Overview of Latitude and Longitude

Latitude and longitude are a precise way of locating a person, place, or thing without the need for any other reference point. Criss-crossing the globe, these lines form a very specific grid that can be seen on maps and globes, and defines the absolute location in a series of numbered degrees that can be understood worldwide.

Lines of Longitude

Running long ways, from the North Pole to the South Pole, lines of longitude, also known as meridians, measure location East and West of the Prime Meridian. One way to remember their distinction is by thinking long-itude. Located in Greenwich England, the Prime Meridian is 0°, from there lines of longitude are drawn to 180° East and 180° West.

Lines of Latitude

Running horizontal around the Earth, lines of latitude, also known as parallels for being parallel to the Equator, measure distance North and South of the equator.   Lines of latitude measure from 90° N which is at the North Pole and 90° South which is at the South Pole, with the equator in the geographic center of the Earth at 0°.
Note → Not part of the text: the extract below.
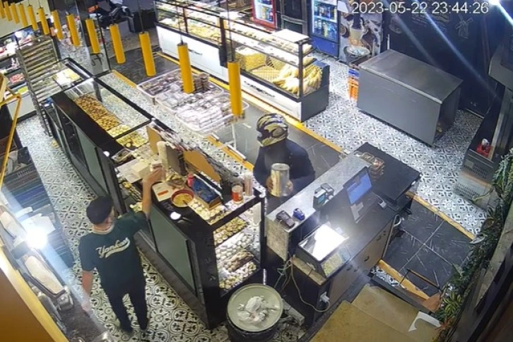 Öte yandan, hırsızlık olayının yaşanmasının ardından çalışanlar tarafından fırının camına, ‘İçeriye kasklı girmek kesinlikle yasaktır' yazısı asıldı. Olay güvenlik kamerası tarafından saniye saniye kaydedildi. Motosikletle fırının önüne gelen kasklı iki şüpheliden biri içeri girip kuru pasta fiyatı soruyor. Daha sonra kutuyu alan şahsın dışarıdaki motosiklete binip uzaklaştığı anlar görülüyor.

For latitude, one degree is equivalent to just about 69 miles. For longitude, one degree is equivalent to 69 miles at the equator, but as the lines converge toward the poles, the separation distance decreases.

To get an absolute location, each degree is broken down into minutes and seconds; there are 60 minutes in a degree and 60 seconds in a minutes. With this information, everything on Earth can be located. For instance the Eiffel Tower is 40°51’N of the Equator and 2°17’E of the Prime Meridian and the Sydney Opera House is at 33°51’S and 151°12’E.